Quelle place pour l'évaluation économique
Comment aiguillonner cette réflexion sur la répartition des richesses ? Le philosophe Pierre Le Coz appelle à mettre en tension des positions contradictoires : « entre la compassion, à forte teneur affective, et la justice, abstraite », mais aussi « entre une posture déontologiste et le souci utilitariste ». D'un côté, la posture déontologiste ne verrait que la vie et la dignité inquantifiables d'une personne, « un égalitarisme qui risquerait d'être contre-productif, si plusieurs doivent être privés du remboursement de soins de base pour qu'un seul ait accès à une thérapeutique très coûteuse », explique le philosophe. De l'autre, l'utilitarisme consiste à répartir les dépenses de santé au profit du plus grand nombre « quitte à tragiquement délaisser le soin des plus vulnérables, par exemple les maladies orphelines », développe-t-il.

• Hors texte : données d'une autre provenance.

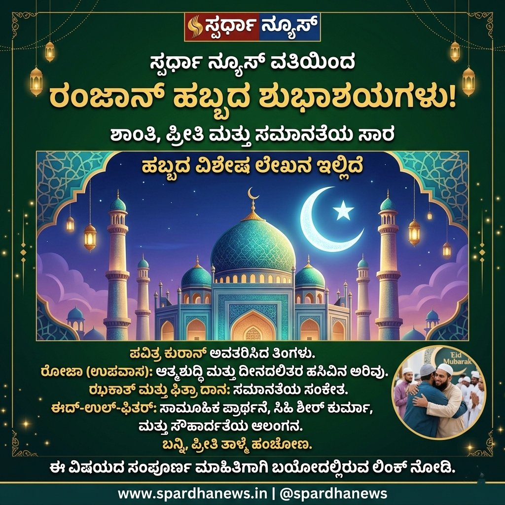 ಪವಿತ್ರ ರಂಜಾನ್ ಮಾಸವು ಕೇವಲ ಉಪವಾಸದ ದಿನಗಳಲ್ಲ, ಇದು ಆತ್ಮಶುದ್ಧಿ, ಶಿಸ್ತು ಮತ್ತು ದಯೆಯ ಸಂಕೇತ. ಇಸ್ಲಾಂ ಧರ್ಮದ ಪವಿತ್ರ ಗ್ರಂಥ ‘ಕುರಾನ್’ ಅವತರಿಸಿದ ಈ ತಿಂಗಳು, ವಿಶ್ವದಾದ್ಯಂತ ಮುಸ್ಲಿಂ ಬಾಂಧವರು ಅತ್ಯಂತ ಶ್ರದ್ಧಾಭಕ್ತಿಯಿಂದ ಆಚರಿಸುವ ಪವಿತ್ರ ಹಬ್ಬವಾಗಿದೆ.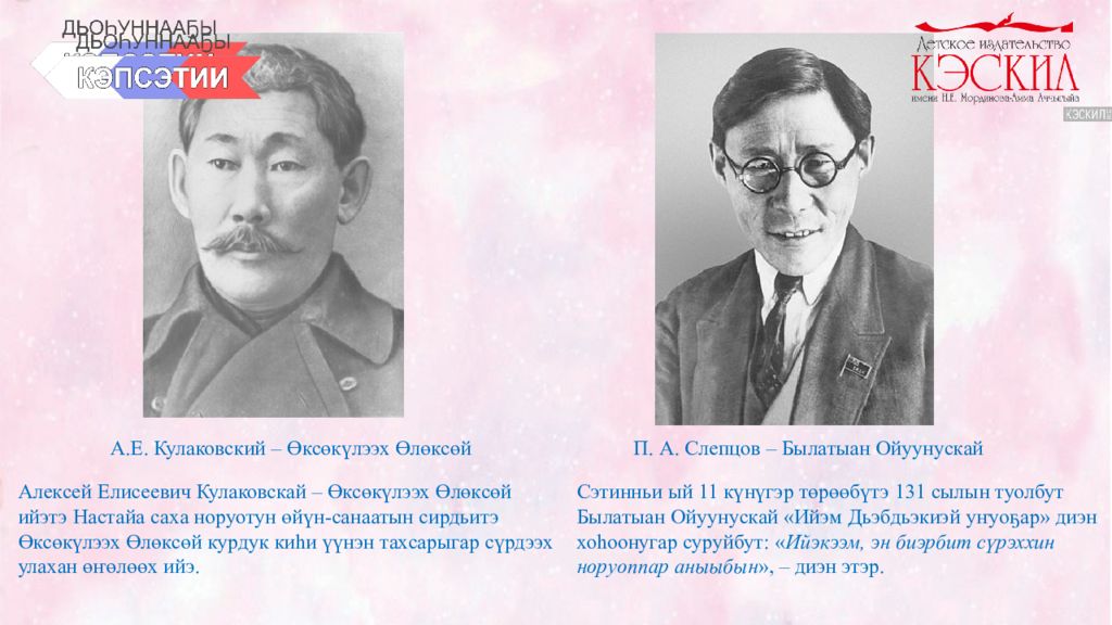 Алексей Елисеевич Кулаковскай – Өксөкүлээх Өлөксөй ийэтэ Настайа саха норуотун өйүн-санаатын сирдьитэ Өксөкүлээх Өлөксөй курдук киһи үүнэн тахсарыгар сүрдээх улахан өҥөлөөх ийэ. П. А. Слепцов – Былатыан Ойуунускай Сэтинньи ый 11 күнүгэр төрөөбүтэ 131 сылын туолбут Былатыан Ойуунускай «Ийэм Дьэбдьэкиэй уҥуоҕар» диэн хоһоонугар суруйбут: « Ийэкээм, эн биэрбит сүрэххин норуоппар аныыбын », – диэн этэр. А.Е. Кулаковский – Өксөкүлээх Өлөксөй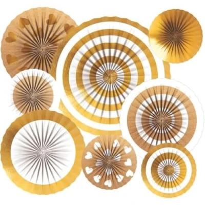 8-piece decoration set for weddings, birthdays and much more Box contents include 8 decorative fans in gold, bronze and white The decorative fans are decorated with different designs You can hang it on the ceiling as well as on the wall Let your creativity run wild and create an unforgettable party decoration, Manufacturer: Amscan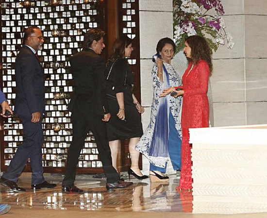शाह रुख़ ख़ान अपनी पत्नी गौरी ख़ान संग इस पार्टी में पहुंचे थे। मुकेश अंबानी के बेटे आकाश की सगाई के समय भी शाह रुख़ उन्हें शुभकामनाएं देने पहुंचे थे!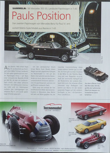 Mercedes 300 SEL Landaulet Pope Car in 1-43 by MSM...a model report #2001f

Le bioéthicien canadien Bryn Williams-Jones plaide également pour qu'une discussion se tienne dans l'espace public, autour des valeurs et normes selon lesquelles l'on attribue les ressources, mais aussi de la façon dont on élabore l'évaluation économique en santé. Quel rôle souhaite-t-on lui confier ? Aide à la décision en matière de remboursement avec des « valeurs de référence » au-delà desquelles le coût n'est pas jugé acceptable par la société (à l'image du système britannique) ou élément de réflexion à pondérer avec d'autres considérations éthiques et politiques ?
L'envolée des coûts de l'innovation - au cœur d'un prochain avis du Comité consultatif national d'éthique (CCNE) - devrait reposer la lumière sur ces questions. Tout en sachant que des choix singuliers échapperont toujours à des règles collectivement débattues : « L'on a besoin d'actes fous et déraisonnables échappant à toute rationalité, où l'on sauve ce qui ne peut l'être, et dans lesquels se joue notre humanité », considère l'ancien membre du CCNE Pierre Le Coz.